# Given information
▬▬▬

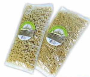
МАКАРОННЫЕ ИЗДЕЛИЯ "БЕРЕДДЕВКА", в/с, 800г
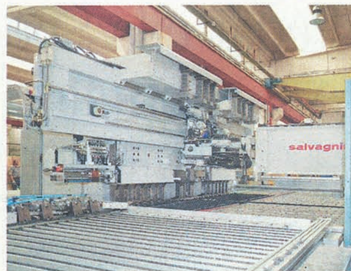
AUTOMAZIONE Piegatura lamiere metalliche Salvagnini

Il brand di ASCENSORI leader in Italia è presente in oltre 50 paesi nel mondo

▬▬▬

A verbatim copy of the material is needed; pictures are not to appear in it.

# Exercise solution
МАКАРОННЫЕ ИЗДЕЛИЯ "БЕРЕДДЕВКА", в/с, 800г
AUTOMAZIONE Piegatura lamiere metalliche Salvagnini

Il brand di ASCENSORI leader in Italia è presente in oltre 50 paesi nel mondo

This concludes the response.